- COLLECTED DATA
┄┄┄┄┄┄
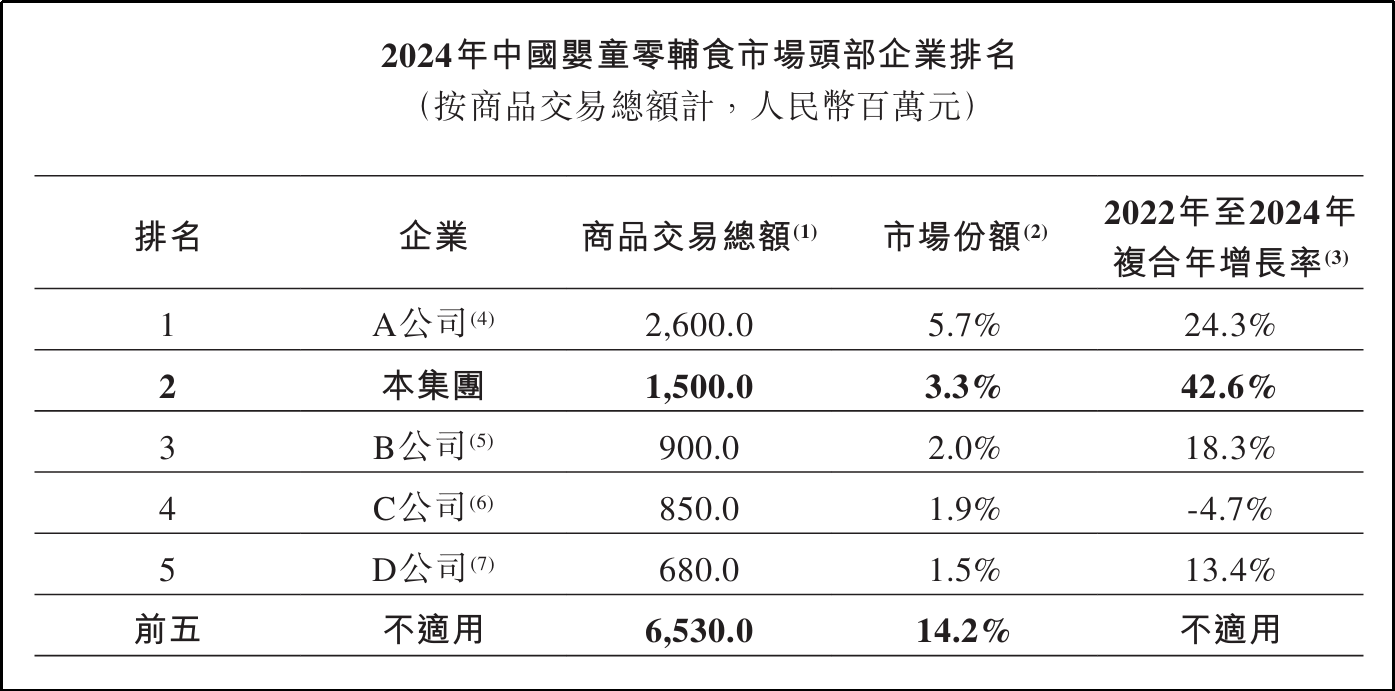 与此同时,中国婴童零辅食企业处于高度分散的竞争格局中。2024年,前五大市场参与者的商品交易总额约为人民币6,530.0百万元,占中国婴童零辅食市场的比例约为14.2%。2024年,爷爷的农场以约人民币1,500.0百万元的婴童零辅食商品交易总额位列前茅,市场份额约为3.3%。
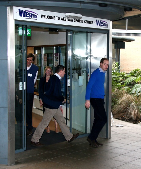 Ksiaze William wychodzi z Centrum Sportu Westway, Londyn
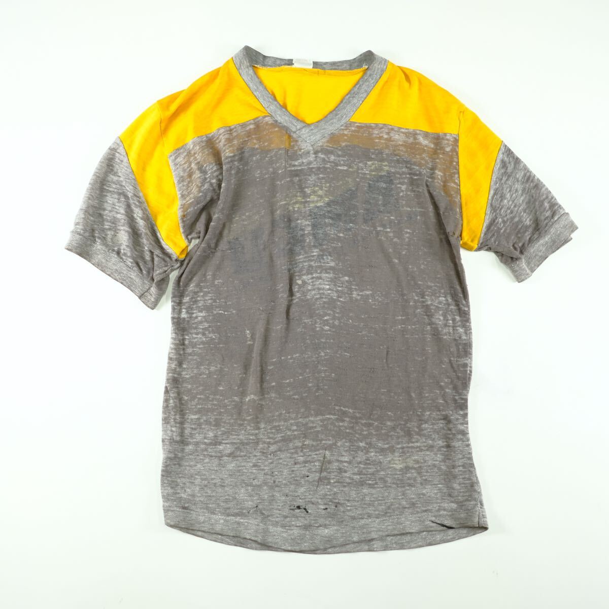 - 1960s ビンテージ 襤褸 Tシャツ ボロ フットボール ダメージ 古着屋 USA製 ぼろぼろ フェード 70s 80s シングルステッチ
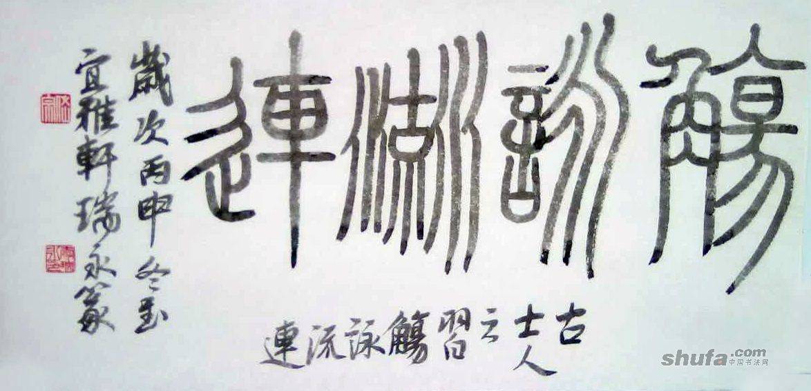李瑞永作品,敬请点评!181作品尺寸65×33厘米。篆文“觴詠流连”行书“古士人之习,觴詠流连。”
┄┄┄┄┄┄
- WORK TO BE COMPLETED
I'd like the material above repeated exactly, with the pictures omitted.

- OUTPUT OF THE TASK
 与此同时,中国婴童零辅食企业处于高度分散的竞争格局中。2024年,前五大市场参与者的商品交易总额约为人民币6,530.0百万元,占中国婴童零辅食市场的比例约为14.2%。2024年,爷爷的农场以约人民币1,500.0百万元的婴童零辅食商品交易总额位列前茅,市场份额约为3.3%。
 Ksiaze William wychodzi z Centrum Sportu Westway, Londyn
 - 1960s ビンテージ 襤褸 Tシャツ ボロ フットボール ダメージ 古着屋 USA製 ぼろぼろ フェード 70s 80s シングルステッチ
李瑞永作品,敬请点评!181作品尺寸65×33厘米。篆文“觴詠流连”行书“古士人之习,觴詠流连。”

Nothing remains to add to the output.